§ **WHAT TO PRODUCE**
From the line containing "Panoramic city maps, popular" to the line containing "8月12日上午,哔哩哔哩(B" in the entries below, reproduce every line exactly, ends included. Nothing else belongs in the copy, and no pictures.

§ **MATERIAL FOR THIS EXERCISE**
[Start of section]
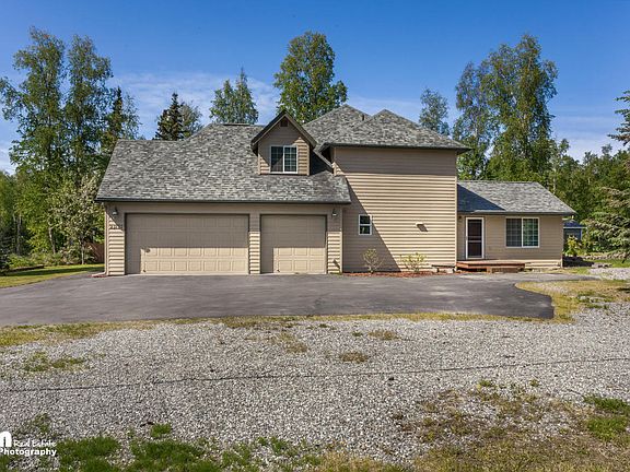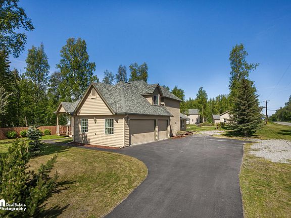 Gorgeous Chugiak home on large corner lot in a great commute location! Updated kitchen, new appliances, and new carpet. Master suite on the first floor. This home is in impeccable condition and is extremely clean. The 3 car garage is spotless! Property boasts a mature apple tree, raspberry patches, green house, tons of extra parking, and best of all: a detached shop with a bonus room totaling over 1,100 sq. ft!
[End of section]
[Start of section]
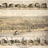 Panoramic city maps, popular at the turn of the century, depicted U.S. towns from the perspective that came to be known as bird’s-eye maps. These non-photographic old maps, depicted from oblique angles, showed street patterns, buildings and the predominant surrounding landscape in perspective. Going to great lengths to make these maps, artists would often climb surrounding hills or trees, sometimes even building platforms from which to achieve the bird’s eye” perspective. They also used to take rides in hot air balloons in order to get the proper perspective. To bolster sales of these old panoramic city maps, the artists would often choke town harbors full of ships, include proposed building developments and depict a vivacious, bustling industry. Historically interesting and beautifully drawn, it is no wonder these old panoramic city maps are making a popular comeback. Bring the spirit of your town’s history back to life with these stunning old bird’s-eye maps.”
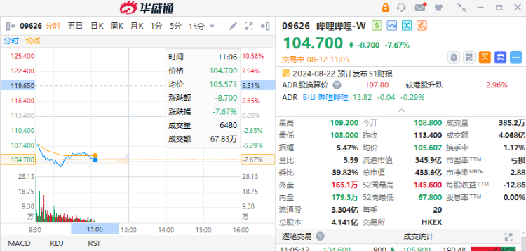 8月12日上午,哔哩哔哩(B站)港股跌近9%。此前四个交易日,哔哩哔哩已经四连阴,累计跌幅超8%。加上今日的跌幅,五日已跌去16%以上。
[End of section]
[Start of section]
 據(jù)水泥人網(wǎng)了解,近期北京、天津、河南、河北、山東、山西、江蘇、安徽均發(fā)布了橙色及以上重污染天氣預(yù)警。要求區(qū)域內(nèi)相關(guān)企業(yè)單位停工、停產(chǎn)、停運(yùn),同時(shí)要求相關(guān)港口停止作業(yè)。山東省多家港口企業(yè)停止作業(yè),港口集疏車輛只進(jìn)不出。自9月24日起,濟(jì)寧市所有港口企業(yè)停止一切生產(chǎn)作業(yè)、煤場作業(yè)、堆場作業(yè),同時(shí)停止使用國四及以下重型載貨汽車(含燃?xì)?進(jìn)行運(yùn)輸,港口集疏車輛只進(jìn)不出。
[End of section]
§ **ANSWER SPACE**
 Panoramic city maps, popular at the turn of the century, depicted U.S. towns from the perspective that came to be known as bird’s-eye maps. These non-photographic old maps, depicted from oblique angles, showed street patterns, buildings and the predominant surrounding landscape in perspective. Going to great lengths to make these maps, artists would often climb surrounding hills or trees, sometimes even building platforms from which to achieve the bird’s eye” perspective. They also used to take rides in hot air balloons in order to get the proper perspective. To bolster sales of these old panoramic city maps, the artists would often choke town harbors full of ships, include proposed building developments and depict a vivacious, bustling industry. Historically interesting and beautifully drawn, it is no wonder these old panoramic city maps are making a popular comeback. Bring the spirit of your town’s history back to life with these stunning old bird’s-eye maps.”
 8月12日上午,哔哩哔哩(B站)港股跌近9%。此前四个交易日,哔哩哔哩已经四连阴,累计跌幅超8%。加上今日的跌幅,五日已跌去16%以上。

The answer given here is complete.